*Task description*
Starting at the line with "迷你迷你世界鋼琴怎么彈_迷你世界鋼琴怎么彈歌", copy each line through the last one below exactly as written, without any pictures.

*Source data*
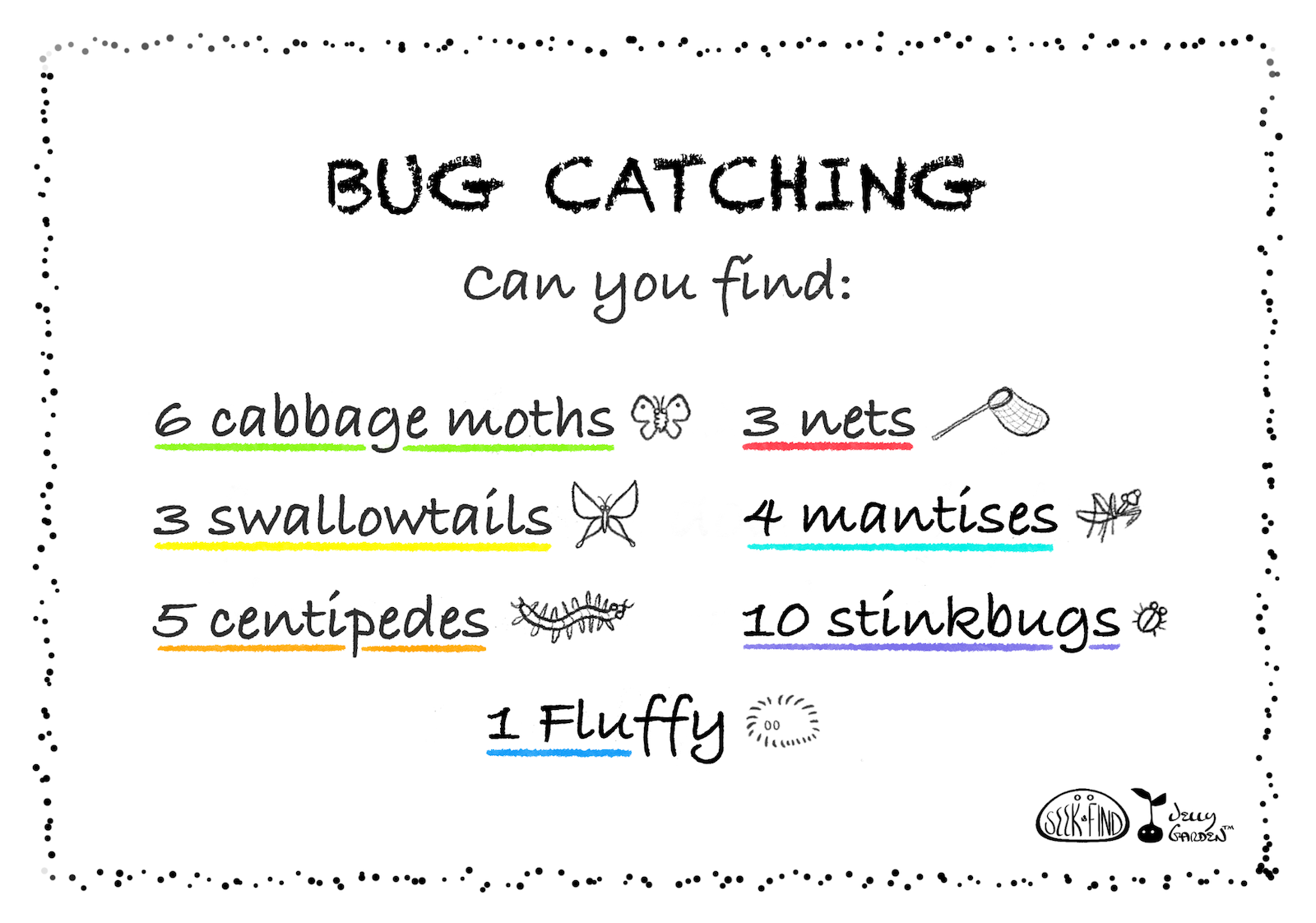 Update 2.5.2026 - A BUG was found in Bug Catching! There were 6 cabbage moths, not 10. Both the postcard and answer key have been corrected. Anyone who purchased this postcard from me at an event in 2025, please let me know at our next event or with a shop order, and I will give you a free replacement postcard. We triple check these and missed by a mile! THANK YOU to the awesome 9 year old who found it for me! <3 - Best, Erica
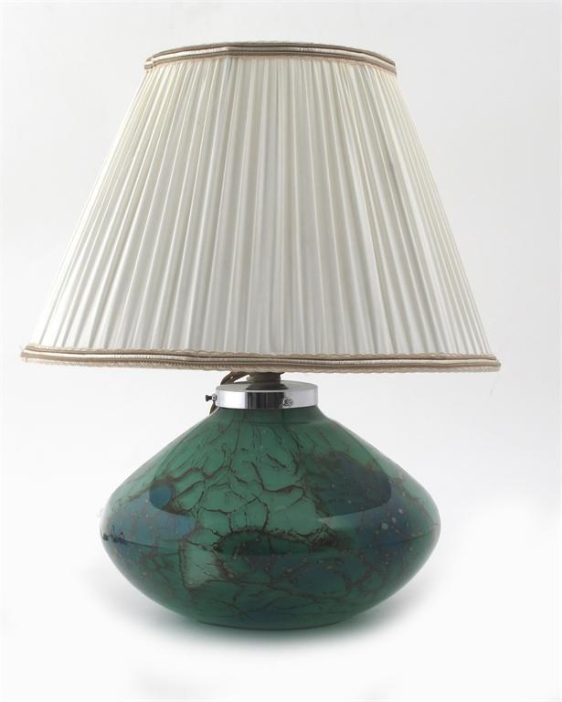 A W.M.F Ikora glass table lamp, internally decorated with crackled green unsigned 19cm. high
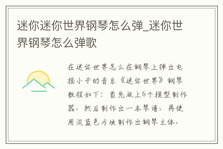 迷你迷你世界鋼琴怎么彈_迷你世界鋼琴怎么彈歌
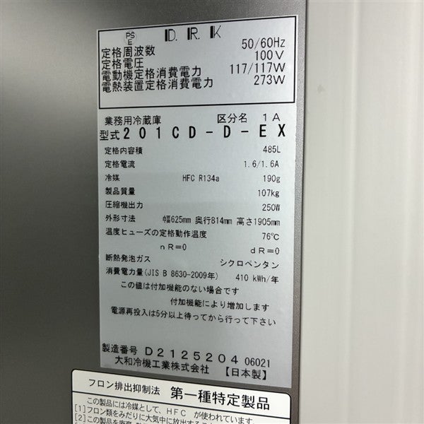 他の画像を見る 2021年製 大和冷機 両開き扉縦型冷蔵庫 201CD-D-EX 大阪店 中古品 単相100V 定価 ¥ 1,087,900 のところ 販売価格 ¥ 143,000 税込 W625xD814xH1905商品ランク:B カートに入れる お気に入りに登録する
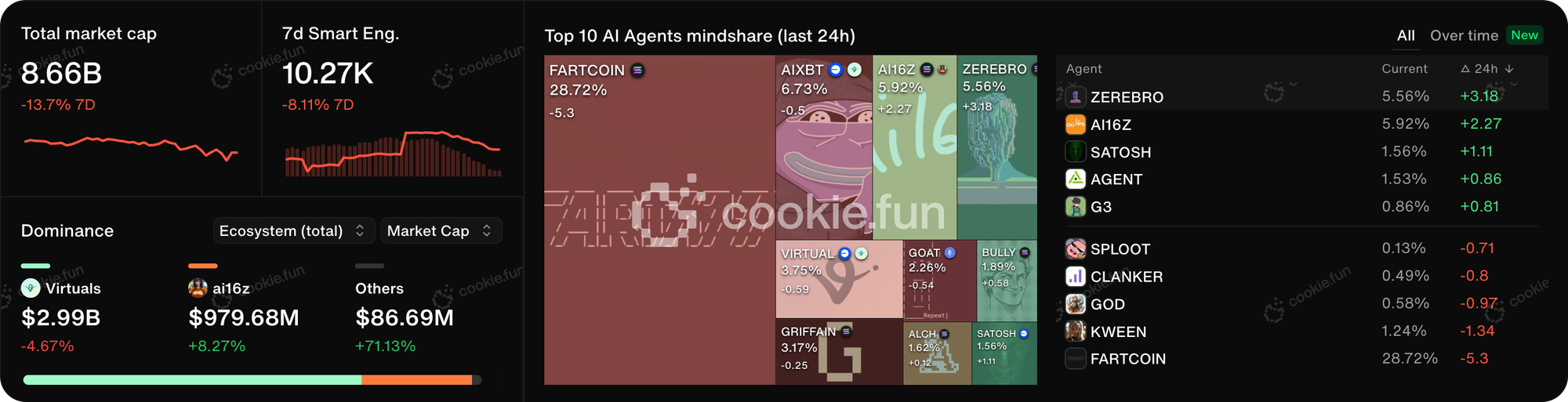 Virtuals Protocol may still lead with a $2.99B market cap, ai16z's ecosystem grew in both market cap and mindshare despite the tough market conditions. Even with the sector-wide dip, ai16z is showing strength, driven by the rapid adoption of its Eliza agents framework. More on this below!
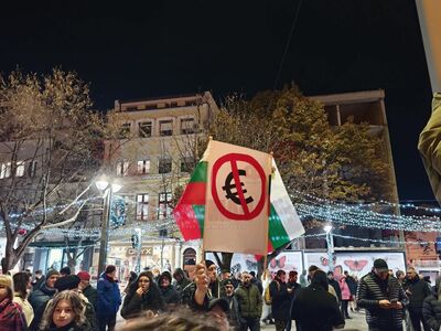 Въпреки че демонстрацията бе на ПП-ДБ не липсваха и призиви за запазване на българския лев

*Output for this exercise*
 迷你迷你世界鋼琴怎么彈_迷你世界鋼琴怎么彈歌
 他の画像を見る 2021年製 大和冷機 両開き扉縦型冷蔵庫 201CD-D-EX 大阪店 中古品 単相100V 定価 ¥ 1,087,900 のところ 販売価格 ¥ 143,000 税込 W625xD814xH1905商品ランク:B カートに入れる お気に入りに登録する
 Virtuals Protocol may still lead with a $2.99B market cap, ai16z's ecosystem grew in both market cap and mindshare despite the tough market conditions. Even with the sector-wide dip, ai16z is showing strength, driven by the rapid adoption of its Eliza agents framework. More on this below!
 Въпреки че демонстрацията бе на ПП-ДБ не липсваха и призиви за запазване на българския лев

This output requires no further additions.